The elephants didn’t like that answer much, but they were too polite to say so, and the two species exchanged views and white lies all through the brief Neptunian night. When the sun rose again, the men voiced their surprise.
"Look at you!" they said. "What’s happening?"
"We got tired of walking on all fours," said the elephants. "We decided it’s more comfortable to stand upright."
"And where are your trunks?" demanded the men.
"They got in the way."
"Well, if that isn’t the damnedest thing!" said the men. Then they looked at each other. "On second thought, this is the damnedest thing! We’re bursting out of our helmets!"
"And our ears are flapping," said the leader.
"And our noses are getting longer," said another man.
"This is most disconcerting," said the leader. He paused. "On the other hand, I don’t feel nearly as much animosity toward you as I did yesterday.

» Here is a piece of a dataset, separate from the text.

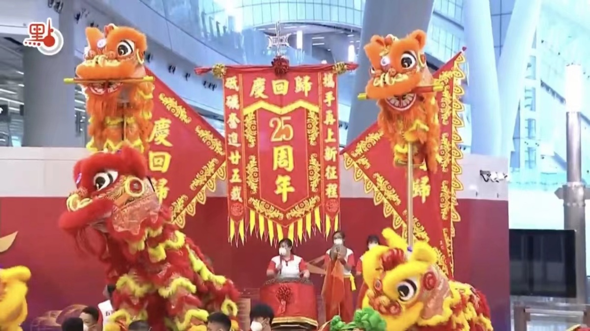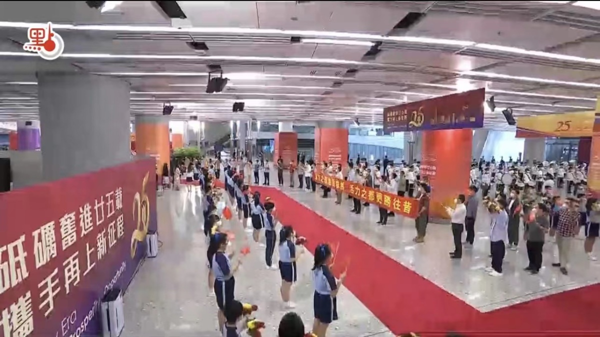 現場有橫額印有「熱烈慶祝香港回歸祖國25周年」、「熱烈歡迎習近平主席出席慶祝香港回歸祖國25周年大會暨香港特別行政區第六屆政府就職典禮」、「香港好、國家好;國家好、香港更好」、「東方之珠浪漫依然,活力之都更勝往昔」等字句。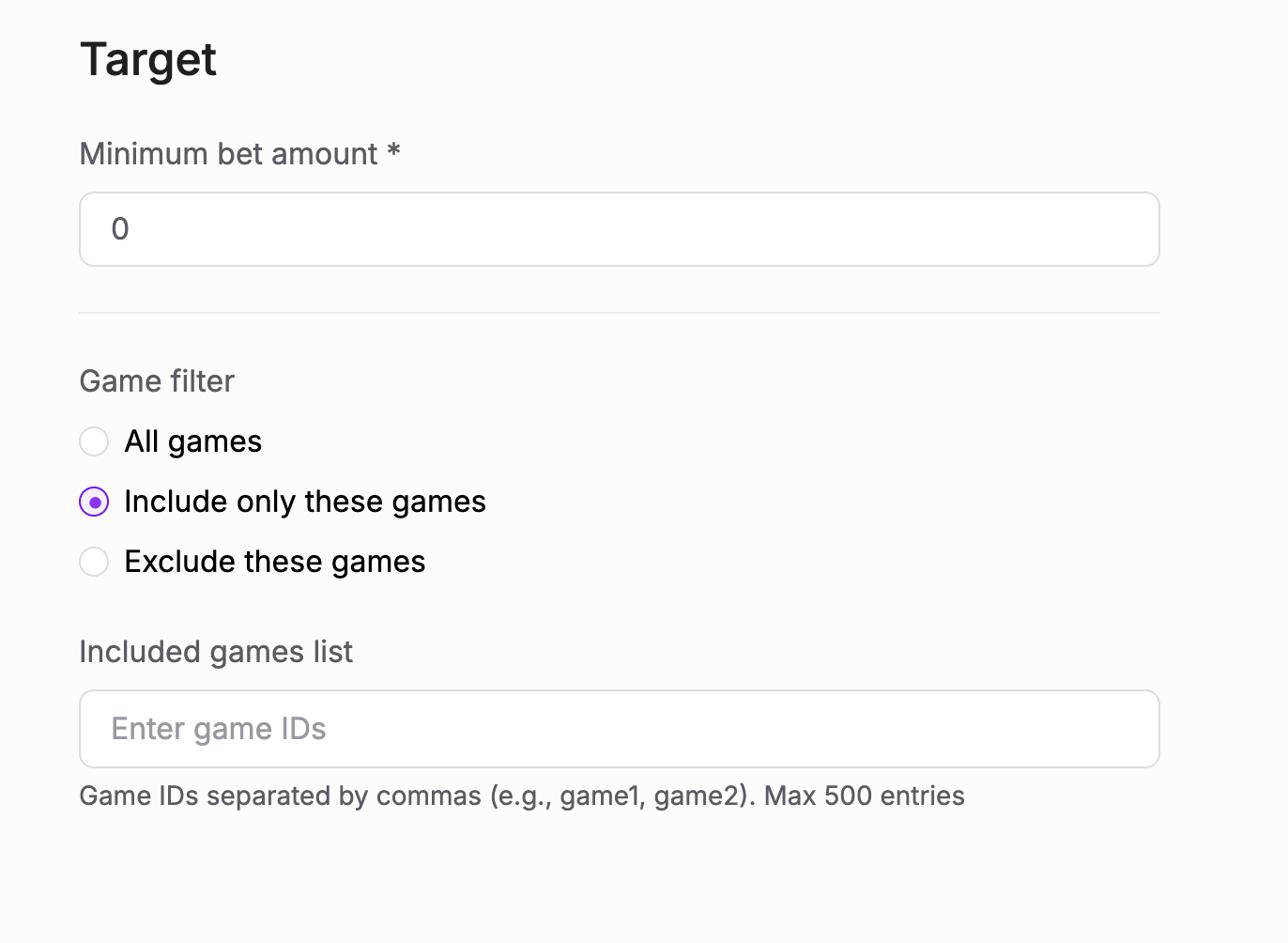 Set the minimum bet amount and define which games are included or excluded from your jackpot. You can target all games, include specific ones, or exclude certain titles.

I wonder why?"
"Beats us," said the elephants, who were becoming annoyed with the whining quality of his voice.
"It’s true, though," continued the leader. "Today I feel like every elephant in the universe is my friend."
"Too bad you didn’t feel that way when it would have made a difference," said the elephants irritably. "Did you know you killed sixteen million of us in the twentieth century alone?"
"But we made amends," noted the men. "We set up game parks to preserve you."
"True," acknowledged the elephants. "But in the process you took away most of our habitat. Then you decided to cull us so we wouldn’t exhaust the park’s food supply." They paused dramatically. "That was when Earth received its second alien visitation. The aliens examined the theory of preserving by culling, decided that Earth was an insane asylum, and made arrangements to drop all their incurables off in the future."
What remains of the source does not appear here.